One possible dangerous side effect of hyperglycemia is ketoacidosis. Diabetic ketoacidosis occurs in the setting of absolute or relative insulin deficiency, leading to decreased hepatic glucose production and peripheral glucose utilization. This, in turn, leads to hyperglycemia and hyperosmolarity, with subsequent osmotic diuresis and dehydration. Further mechanisms stimulate the release of free fatty acids, which are oxidized to ketones. Ketones then build up in the blood and urine. In high levels, these ketones are poisonous, causing metabolic acidosis. Hyperglycemia can also lead to coma or, in prolonged, untreated cases, micro- and macrovascular disease.

This is the first published case report of a patient identified through CGM as having zolpidem-induced sleep-eating. CGM is a diabetes technology that allows real-time measurement of glucose in the interstitial fluid, which is closely related to blood glucose. For people with type 1 diabetes, traditional glucose monitoring involves four to six finger sticks daily. Even this high level of monitoring can miss both hypo- and hyperglycemic excursions that may occur when individuals are unaware or unable to check their blood glucose (e.g., when they are asleep).

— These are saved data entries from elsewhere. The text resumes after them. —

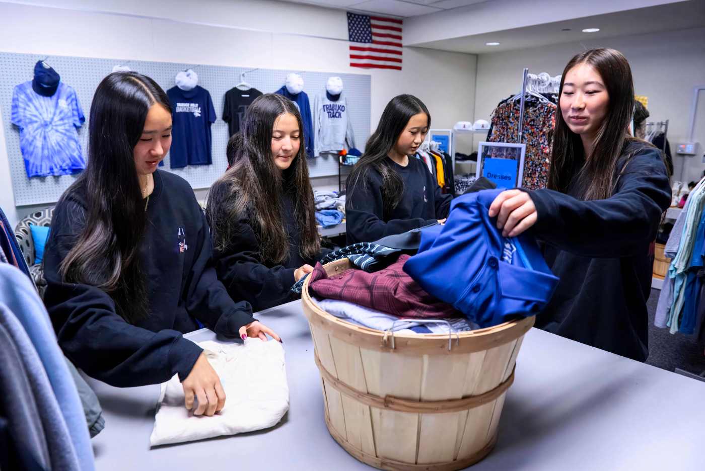 She shares that mindset with her twin sister, Shelby Kwon, and their friends and classmates, Sofia Kim, 17, and Chloe Park, 17, who together have undertaken a special project to create a thrift store at their high school.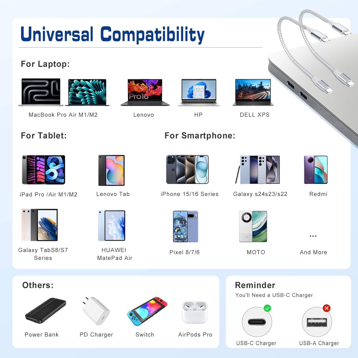 Universal Compatibility:The braided usb c to usb c seamlessly compatible for a wide array of Type C devices, including the latest iPhones (16/16 Plus/16 Pro/16 Pro Max, 15/15 Plus/15 Pro/15 Pro Max), MacBook Air/Pro, i-Pad Mini 6, i-Pad Pro, i-Pad Air, Samsung Galaxy flagships (S23 Ultra/S23+/S23/S22 series, Note 20), and more USB-C equipped devices.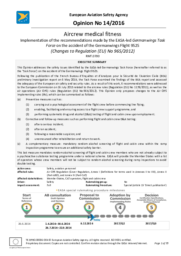 This Opinion addresses the safety issues identified by the EASA-led Germanwings Task Force (hereinafter referred to as the ‘Task Force) on the accident of the Germanwings Flight 9525.

Given the well-established fact that maintaining blood glucose in a near-normal range and avoiding significant hypo- or hyperglycemic episodes may help prevent complications of diabetes, it has become prudent to develop new technologies to achieve this. Using the glucose concentration in the interstitial fluid has been considered minimally invasive and a good option for an accurate and concealable means of estimating blood glucose measurements.⁸

Finally, this case report of documented hyperglycemia in a clinical trial draws to our attention the precautions that should be taken when prescribing zolpidem to patients with type 1 diabetes. Health care providers should review their patients' full medication list to anticipate potential interactions and adverse effects such as those evident in our patient. Special attention should be paid to patients with mental health disorders because different providers may be treating them with antidepressants, which have been shown to potentiate the effects of zolpidem, leading to higher risk of sleep behaviors. Even in patients not on antidepressants, one must be wary of the possibility for zolpidem-induced sleep-eating. We believe this could help in avoiding both the immediate complications and the long-term effects of hyperglycemia.

CLINICAL PEARLS

• Zolpidem is a commonly prescribed sleep aid that has been implicated in sleep-eating, among other activities.

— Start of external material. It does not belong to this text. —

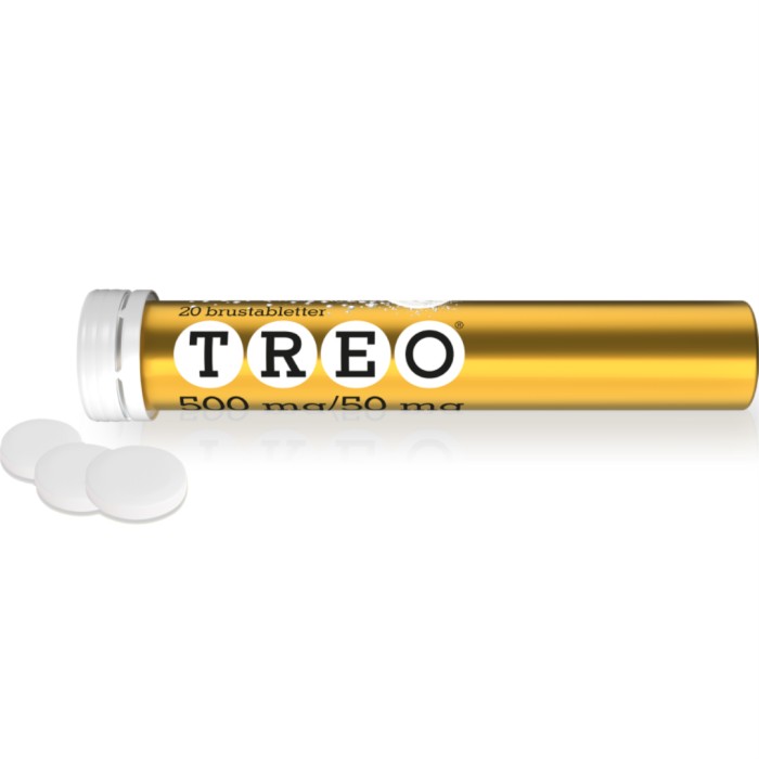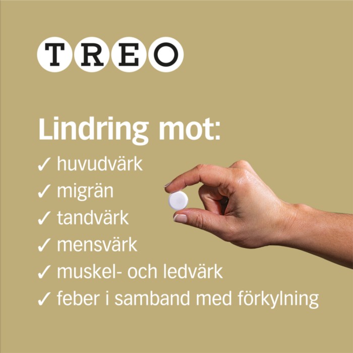 Treo är ett receptfritt läkemedel mot migrän, huvudvärk, tillfällig smärta och feber. Treo brustablett innehåller 500 mg acetylsalicylsyra och 50 mg koffein – en kombination som ger snabb smärtlindring inom 30 minuter. Treo är smärtstillande, febernedsättande och inflammationshämmande och lindrar vid huvudvärk, migrän, mensvärk, tandvärk, muskelvärk, ledvärk och feber.

• Precautions should be taken when prescribing zolpidem to patients with diabetes because of the risk of unrecognized hyperglycemia that may occur in the setting of sleep-eating.

• Although not yet widely available, CGM may be a useful tool for viewing the effects of newly prescribed drugs on the glucose levels of patients with diabetes.

• More research is needed to find out whether patients with diabetes who take medications such as zolpidem have higher A1C levels as a result of unrecognized hyperglycemia.